Beauty as we feel it is something indescribable; what it is or what it means can never be said.

George Santayana

What value has compassion that does not
take its object in its arms?

Antoine de Saint-Exupery

   

  
Lessons from My Father
Denis Waitley

My dad had a keen imagination, and we would often play a little good-night game that became our special ritual.  He would come into my room to talk to me and listen to the triumphs and tragedies of my day.  As he was leaving, Dad had a way of leaning back against the switch by my door and rubbing against it to "magically" blow out my light like the birthday candles on a cake.

As he did his little routine, Dad would say, "I'm blowing out your light now, and it will be dark for you.  In fact, as far as you're concerned, it will be dark all over the world because the only world you ever know is the one you see through your own eyes.  So remember, son, keep your light bright.  The world is yours to see that way.  I love you, son.  Good night."

When I was very young, I used to lie there in bed after Dad left and try to understand what he meant.  It was confusing to think that the whole world was dark when I was asleep and that the only world I would ever know was the one I would see through my own eyes.  What Dad was trying to tell me was that when I went to sleep at night, as far as I was concerned, the world came to a stop.  When I woke up in the morning I could choose to see a fresh new world through my own eyes -- if I kept my light bright.  In other words, if I woke up happy, the world was happy.  If I woke up not feeling well, the world was not as well off.

My father's guidance about self-perception and the power in the eye of the beholder was invaluable.
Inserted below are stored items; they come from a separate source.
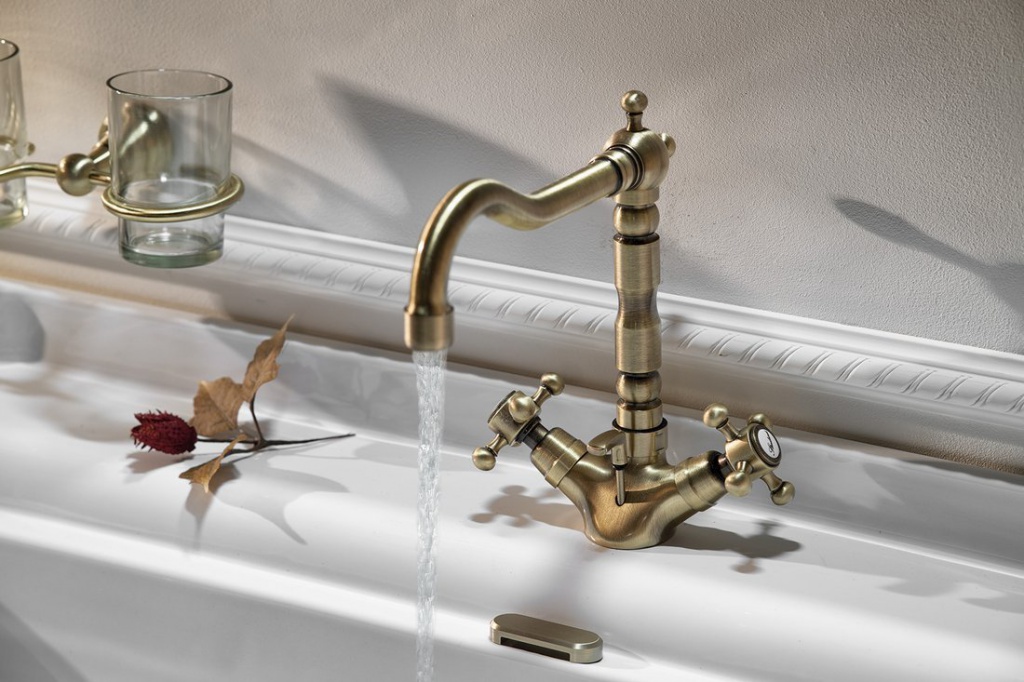 ANTEA stojánková umyvadlová baterie s retro hubicí s výpustí, bronz Sapho
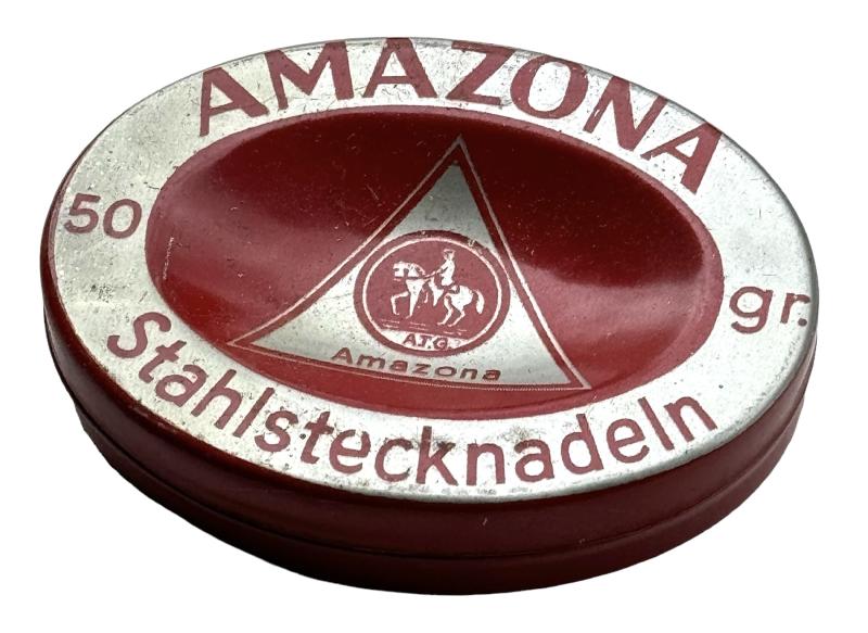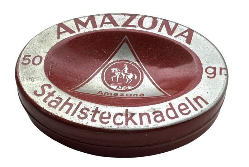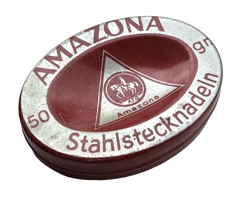 German WW2 era Needle Can Very nice metal can for needles "Amazona, Stahlstecknadeln" Decorative metal can in very good condition.
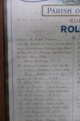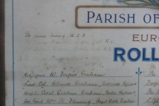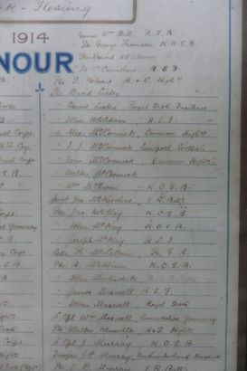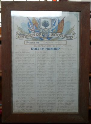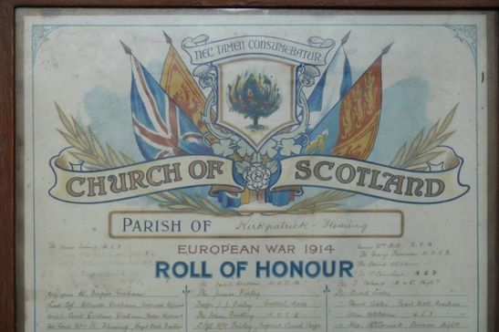 NEC TAMEN CONSUMEBATUR/ CHURCH OF SCOTLAND/ PARISH OF Kirkpatrick Fleming/ EUROPEAN WAR/ 1914/ ROLL OF HONOUR/ (134 Names)
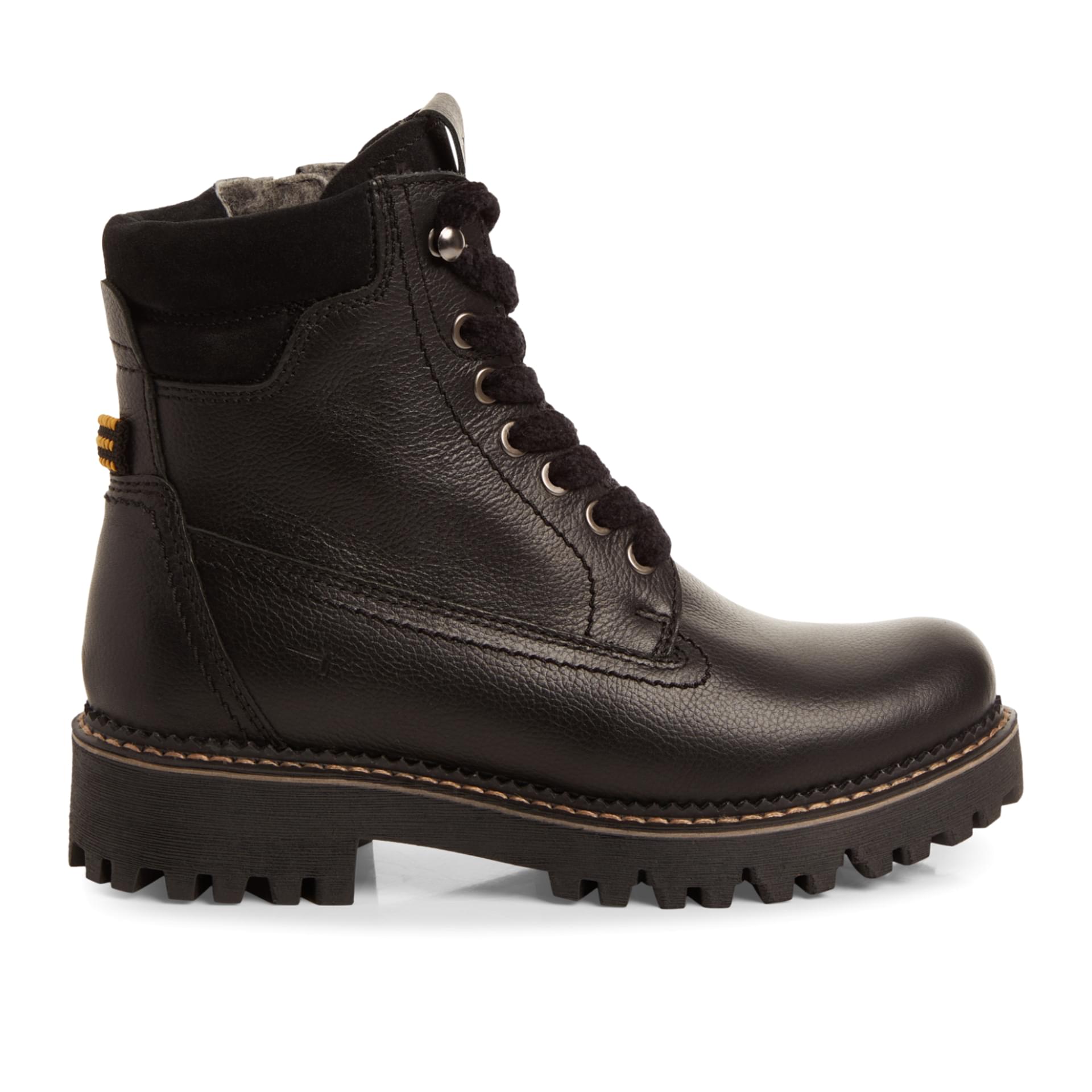 The black boot is made from high-quality leather, lined with warm wool, and

What he was trying to teach me with his little light show was this:  "Denis, everything depends on how you want to look at what happens in life.  It doesn't make any difference what is going on 'out there' -- what makes a difference is how you take it."

Instead of teaching me "my glass was half-empty," my father taught me "my glass was more than half-full."  He taught me to view life as something that was continually opening and expanding with new opportunities and events to enjoy.

Somewhere he picked up a bit of quantum physics theory.  Depending on the kind of experiment you conduct, a particle of light can become a light beam or a light wave.  It all depends on how you want to examine it.  The light can change form, not because of its properties -- it still remains light -- but because of how you choose to behold it.  My dad taught me that ugliness or beauty is in the eye of the beholder.  Want and abundance are in the eye of the beholder.  Being mediocre or being the best depends on the eye of the beholder.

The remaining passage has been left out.